As a broad guideline, you want to start with the results of any exploratory data analysis, presenting tables of summary statistics and exploratory plots. You may also want to visualise associations between/among variables and report covariances or correlations. Then, you should move on to the results from your model.

Regression Table for Marshmallow Model
	Marshmallow Taken
Predictors	Odds Ratios	CI	p
Intercept	81.93	22.47 – 332.30	<0.001
Time of Day - PM	0.61	0.34 – 1.08	0.096
Age (in years)	0.56	0.47 – 0.66	<0.001
Visibility - Hidden	0.30	0.17 – 0.51	<0.001
Observations	301
R² Tjur	0.233

Act III: Discussion

Question 3

Attempt to draft a discussion section based on your results and the analysis provided.

Discussion - What To Include

In the discussion section, you should summarise the key findings from the results section and provide the reader with a few take-home sentences drawing the analysis together and relating it back to the original question.

The discussion should be relatively brief, and should not include any statistical analysis - instead think of the discussion as a conclusion, providing an answer to the research question(s).

Section B: Block 4 (Weeks 6-9) Recap

In the second part of the lab, there is no new content - the purpose of the recap section is for you to revisit and revise the concepts you have learned over the last 4 weeks (or the full academic year if you feel that it would be beneficial to revise the materials from blocks 1, 2, and 3 too).

We would encourage you to complete any outstanding work on these exercises (e.g., complete partial write-ups), and review solutions.

Given that we have now covered all DAPR2 course content, we would also strongly encourage you to start creating your revision materials in advance of the exam.

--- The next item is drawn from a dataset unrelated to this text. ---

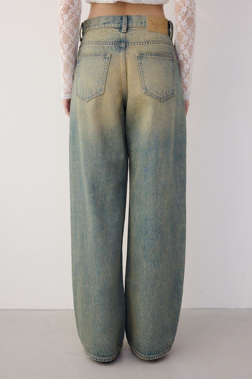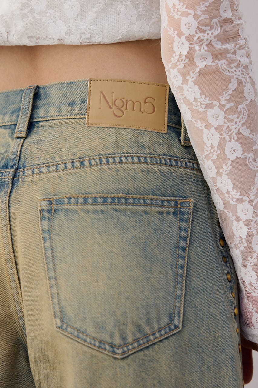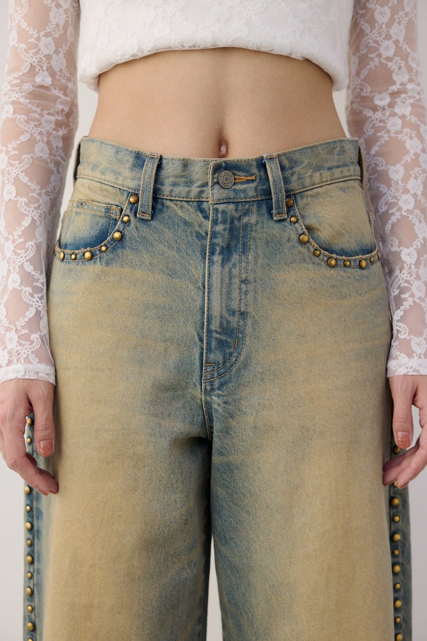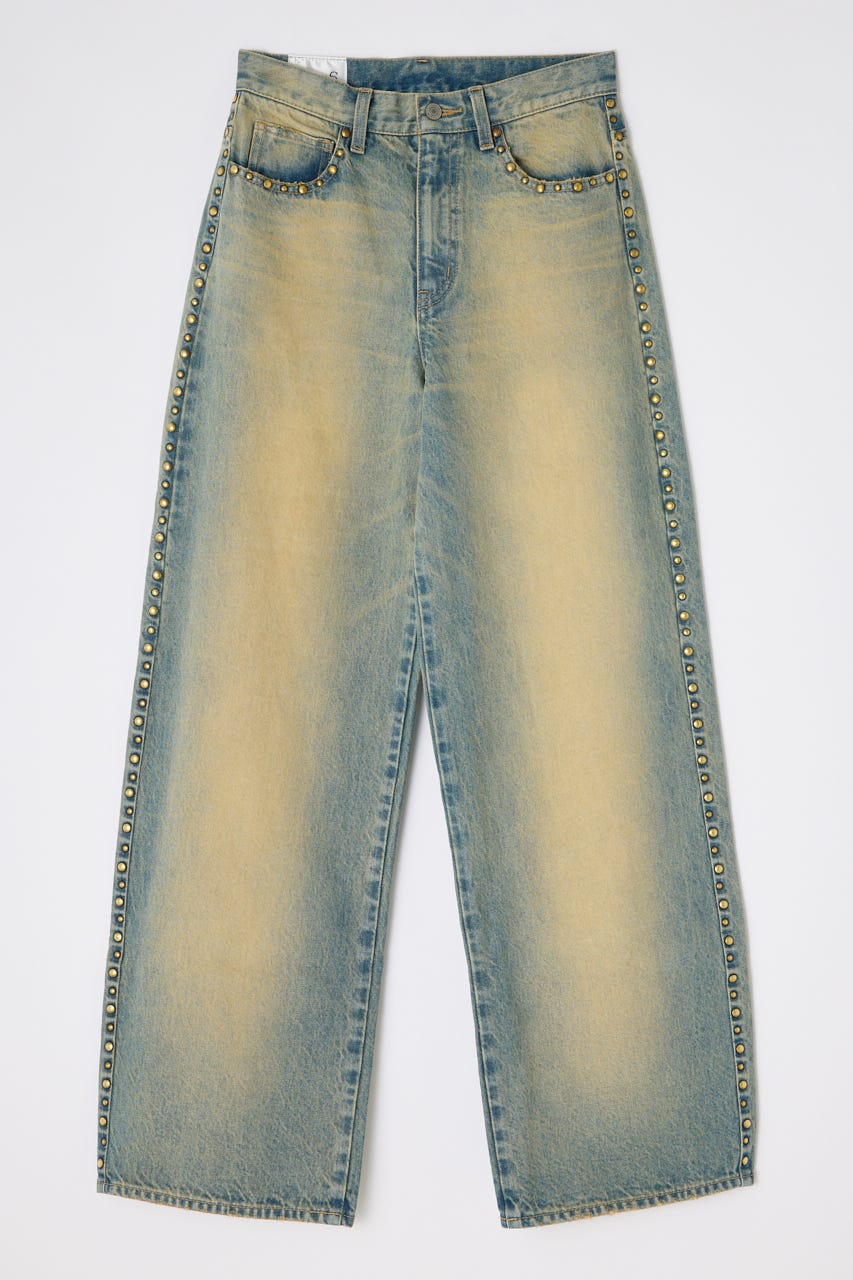■DETAIL:オーバーダイ加工を施しているので、ヴィンテージ感漂う色味に仕上げています。程良いルーズなストレートシルエットですが、ジャストウエストなので、すっきりとメリハリのある印象で着用できます。サイドにスタッズデザインを施しているので、一枚でコーディネートのポイントに。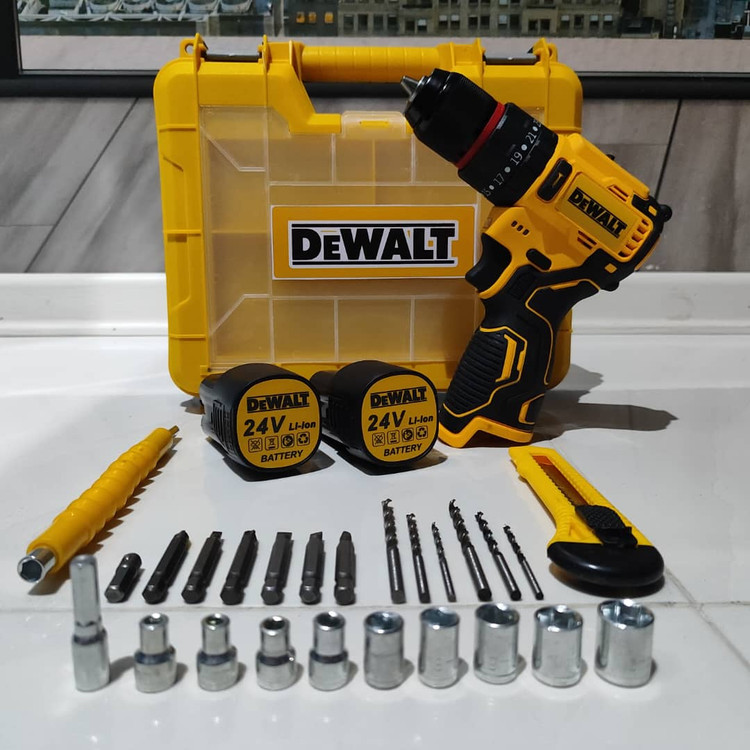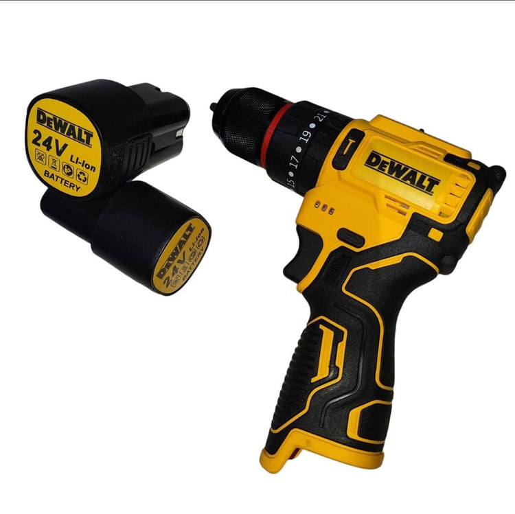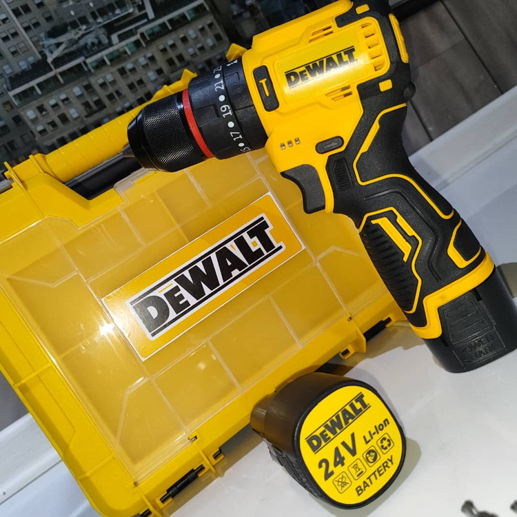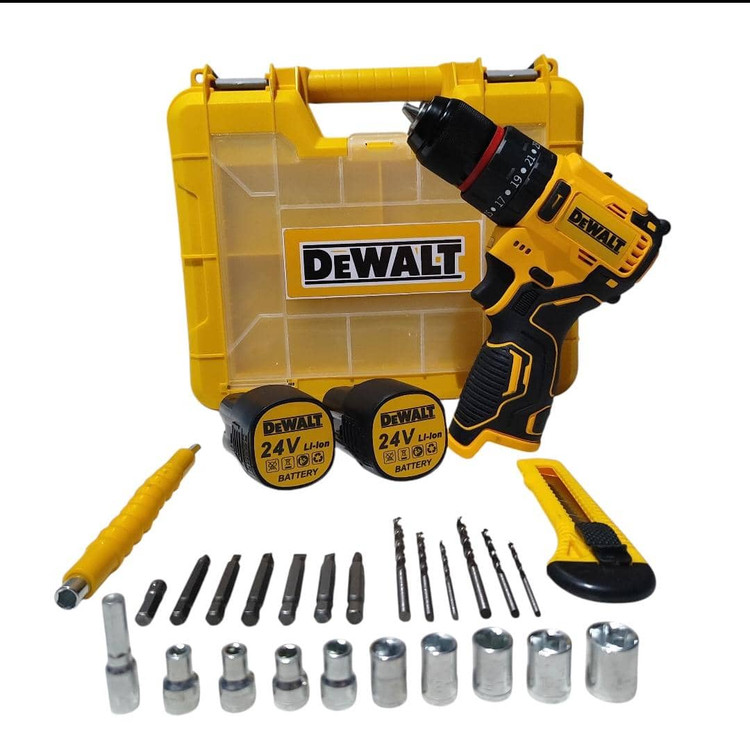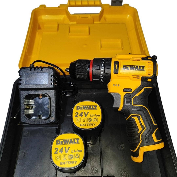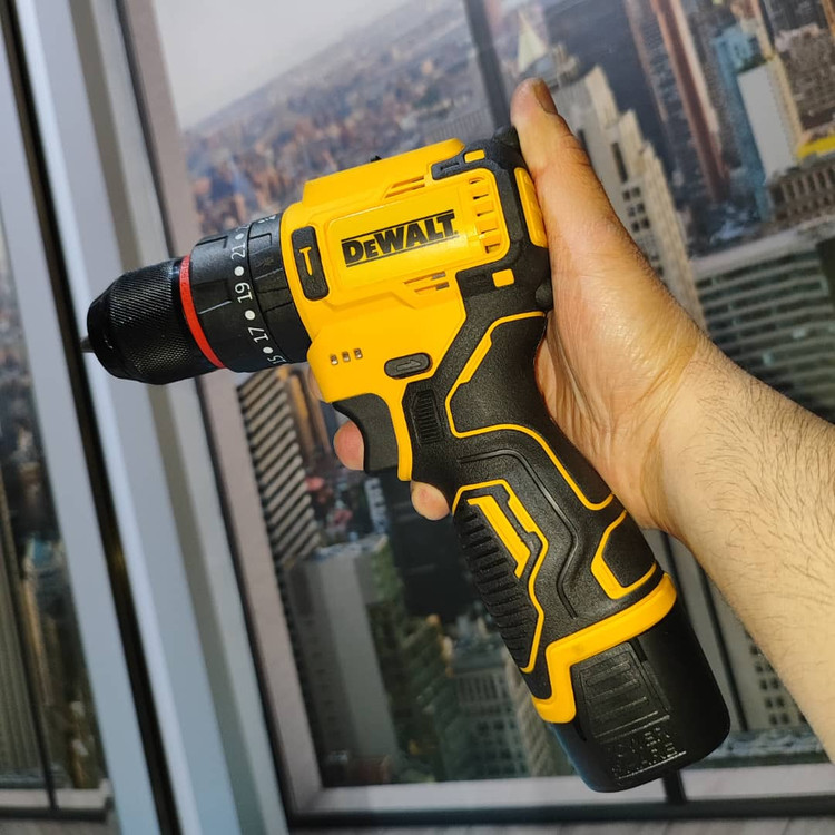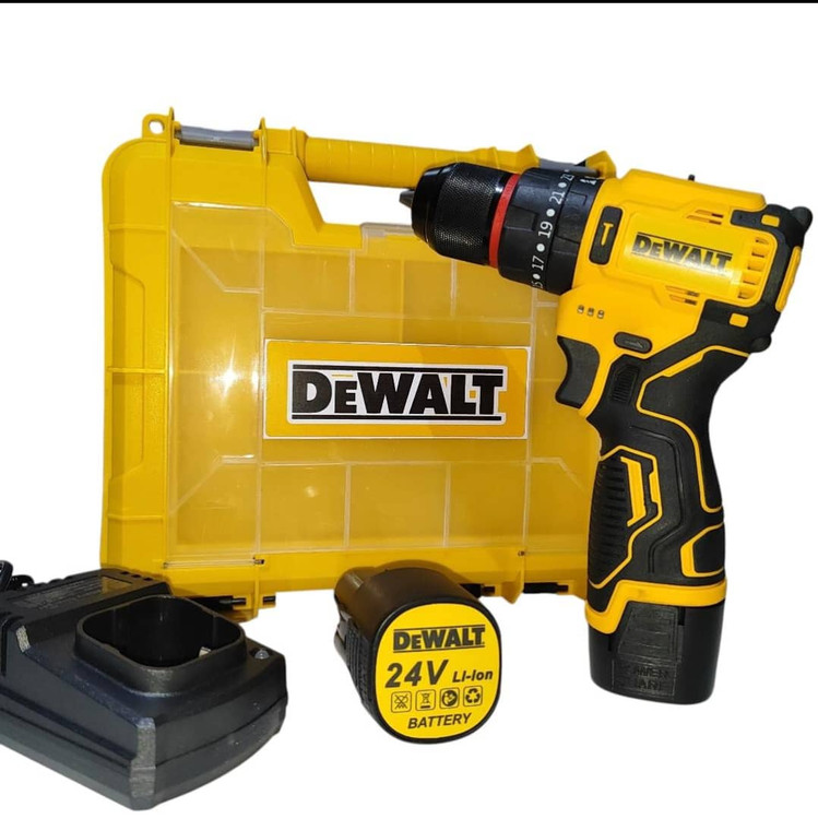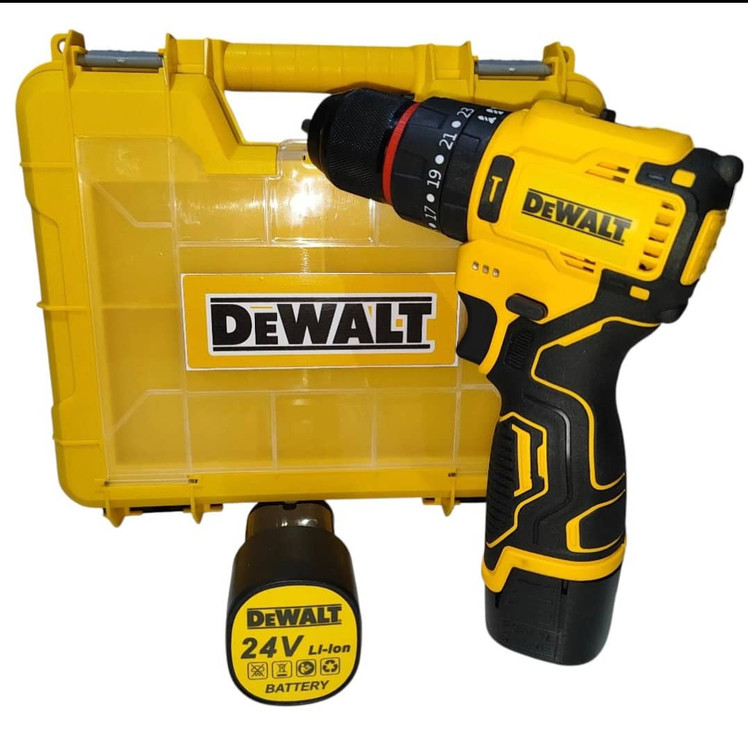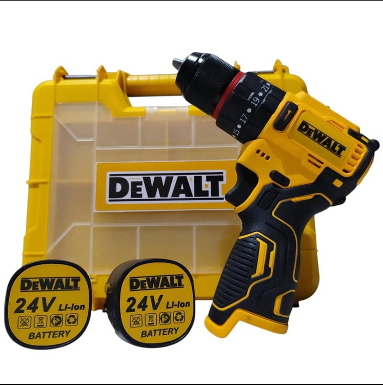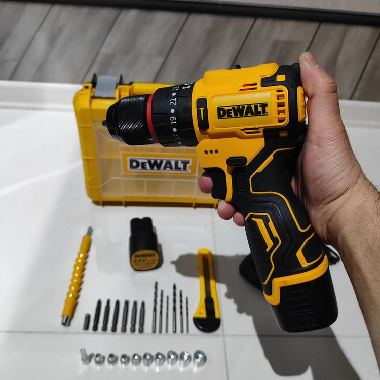 دریل شارژی چکشی 24 ولت دیوالت دوباتری سه نظام فلزی پیچگوشتی شارژی 24 ولت دیوالت با کیف و لوازم جانبی کامل دارای دو عدد باطری د️ریل سه حالته (چکشی،دریل،پیچ بند) ️سه نظام اتومات فلزی دارای دیمر کنترل سرعت ️گیربکس دوحالته (سرعتی،قدرتی) م️دل24 ولت چپ گرد و راست گرد س️اخت چین ️طراحی ارگونومیک برای سهولت در کار ️همراه لوازم کاربردی مطابق تصویر ️دارای جعبه حمل سبک وزیبا ویژگیهای دریل سیستم گردش چپگرد سیستم گردش راستگرد قابلیت کنترل سرعت قفل سوییچ منبع تغذیه باتری مشخصات سهنظام اتوماتیک فلزی توضیحات باتری دارای دوعدد باتری 24 ولت پرقدرت سایر توضیحات امکان تنظیم در سه حالت چکشی ، ساده و پیچ گوشتی دارای کلاچ همراه لوازم جانبی کامل و ساک bmc

You can access all the flashcards that you’ve been presented with in this block here. These will provide a good starting point for collating your notes together on the contents of blocks 1, 2, 3, and 4. We also suggest that you review your weekly quiz feedback (as many of you have learned in Psychology 2A, it is important to provide feedback to allow learners to improve their learning and retention of information, as well as correct any misunderstandings!).